シリアルナンバーがソ連機とどうかかわりがあるのか?も書いたので、「シリアルとか言われても何も分からん」という方にはどうぞ。

本記事は工場ごとにシリアル規則をまとめています。機体ごとに抜粋したページも作成していますので、目当ての機体などがある際にはこちらを参照ください。

機体ごとシリアル規則まとめ

では本題に入りましょう。

初っ端から驚きな話になるんですが、どうやらソ連機のシリアルは工場ごとに規則が違うらしいなんて面倒な。

まぁ他の国がどうなのか私は皆目として知らないので、実は同じようなものかもしれないのですけど。軽く調べたところ、他国は発注時に順に割り当ててるだけとかが多いようですね。

 

という訳で、工場ごとにルールやシリアルのサンプルを羅列していくので、「ふーん」って感じで見ていって下さい。
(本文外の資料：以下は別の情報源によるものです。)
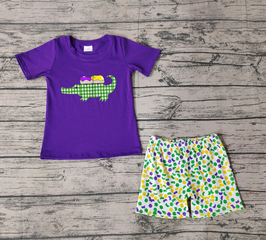 BSSO0311 dinosaur Mardi Gras short sleeve shorts boy summer outfit 20231130 RTS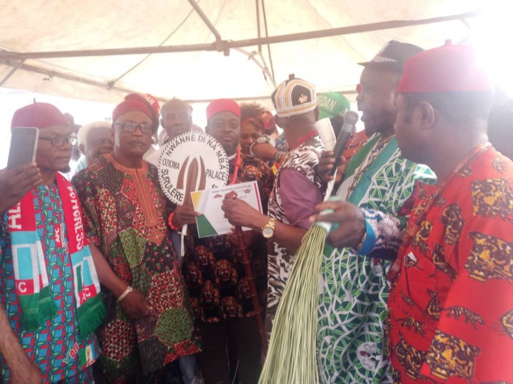 Hon Azeez Ogidan, the APC Chairmanship candidate for Coker-Aguda LCDA, in the July 12, 2025, Lagos Local Government election, has been conferred with a Chieftaincy title of Nwanne di na Mba 1 of Ndi Igbo in Lagos, courtesy of the Ozioma Palace.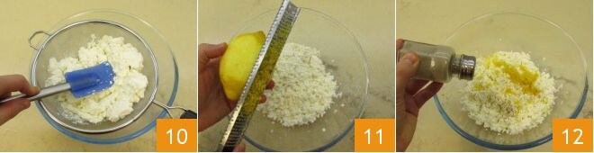 Ahora ocúpate del relleno: tamiza la ricotta a través de un colador 10, aromatízala con la ralladura de limón 11 y sazona con sal, pimienta 12,

途中に出てくる『バッチ』や『Series』については、『LaGG-3とSeriesのカンケイ』で説明しているので、興味があればそちらを参照。

[工場一覧]

◆第18工場 (ヴォロネジ/クイビシェフ)

第21工場 (ゴーリキー)

第31工場 (トビリシ)

第99工場 (ウラン・ウデ)

第153工場 (ノボシビルスク)

第166工場 (オムスク)

第292工場 (サラトフ)

第301工場 (ヒムキ)

第381工場 (ニジニー・タギル)

 

[準備中]

◇第39工場 (モスクワ)

◇第82工場

(長くなってきたのでリンク形式のもくじ作ろうかなぁと考えている)


★第18工場

【工場概要】

1930年1月10 日、ヴォロネジに設立された航空機生産工場。TB-3やDB-3といった機体を生産した後、1939年からはIl-2の生産を開始した。Il-2の主生産工場の一つであり、一時は日産10機を超えるほどであった。
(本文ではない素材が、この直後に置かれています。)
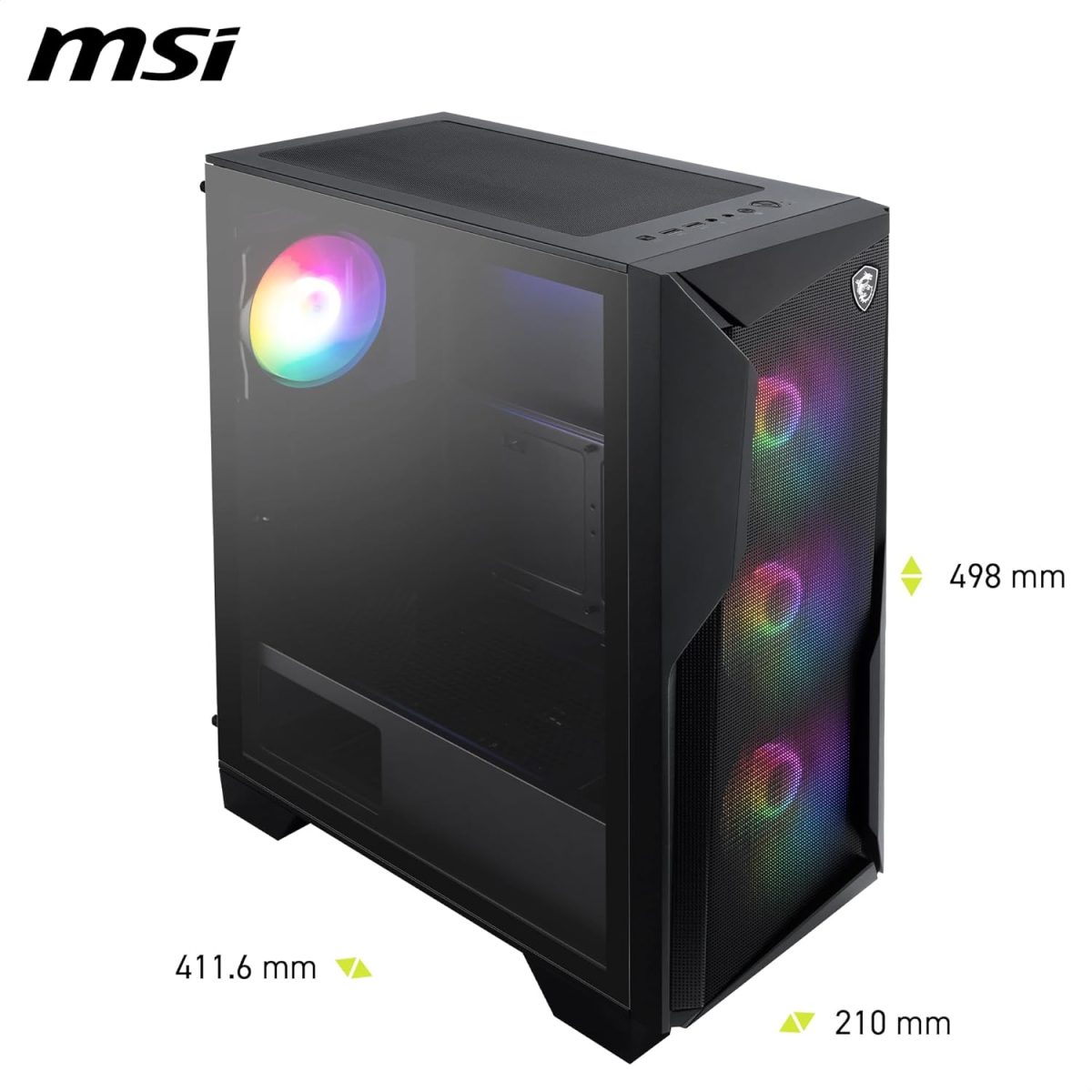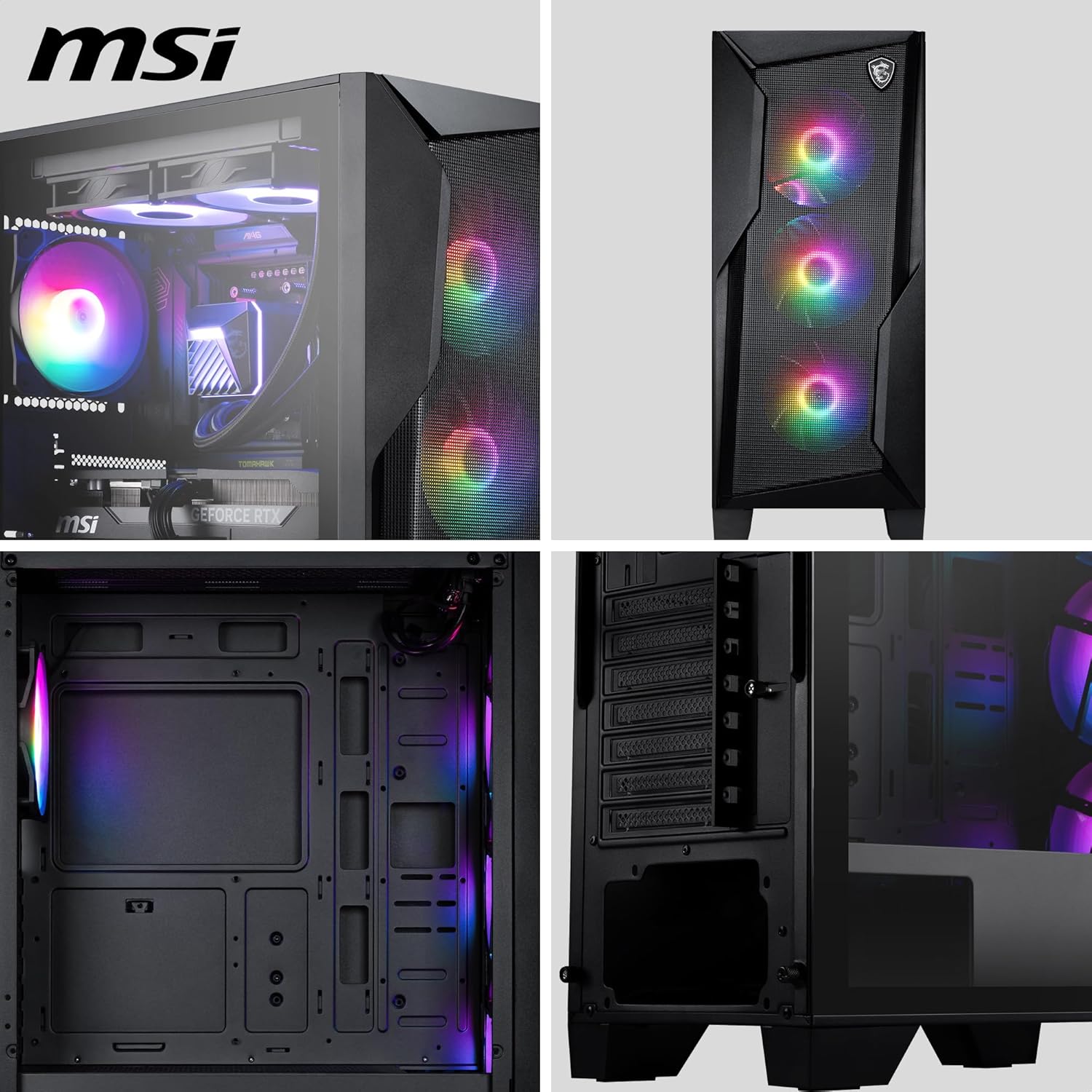 MSI MAG Forge 130A Airflow – Mid-Tower PC Case – High Airflow, ATX Capacity, 240 mm Radiator, Four Pre-Installed Auto-RGB Fans, Tempered Glass Side Panel – Black

工場は1941年11月にクイビシェフへ疎開したが、その後も同機の生産を続け、最終的には生産工場の中で最多となる1万5千機を送り出している。1944年からはその後継機であるIl-10の生産も行った。

【シリアル規則】

[FFMPPBB]  [FF, M, PP, BB]
FF

工場番号 - 18 (固定)

M モデル - 7:Il-2
PP バッチ中の生産番号 (0埋め)
BB 生産バッチ

後述の他の工場と比べると、シリアルの中に情報が比較的多い。

参考とした記事では上記Mの箇所は「Model」としか書かれていなかったので、詳細はよくわからないが、恐らくはこれまでに生産していた機体の通し番号なのではないだろうかと予想される。 

Il-2以前の機体や、Il-10のシリアルを入手して調査してみたいところだ。

 

【サンプル】

[1870930][18, 7, 09, 30]

第18工場製, モデル No.7(=Il-2), 9番目の生産機, 第30バッチ

[1871196][18, 7, 11, 96]

第18工場製, モデル No.7(=Il-2), 11番目の生産機, 第96バッチ 


★第21工場

【工場概要】

30年代初めにゴーリキー (現:ニジニ・ノヴゴロド) に建てられた工場。大祖国戦争の前は、ポリカルポフのI-5やハリコフ航空研究所のKhAI-1 (露:ХАИ-1) を生産したのち、I-16の主生産工場の一つとなった。

1940年11 月に第21設計局 (OKB-21) が設立され、S. A. ラヴォチキンが設計局長に任命されると工場ではLaGG-3の生産が開始された。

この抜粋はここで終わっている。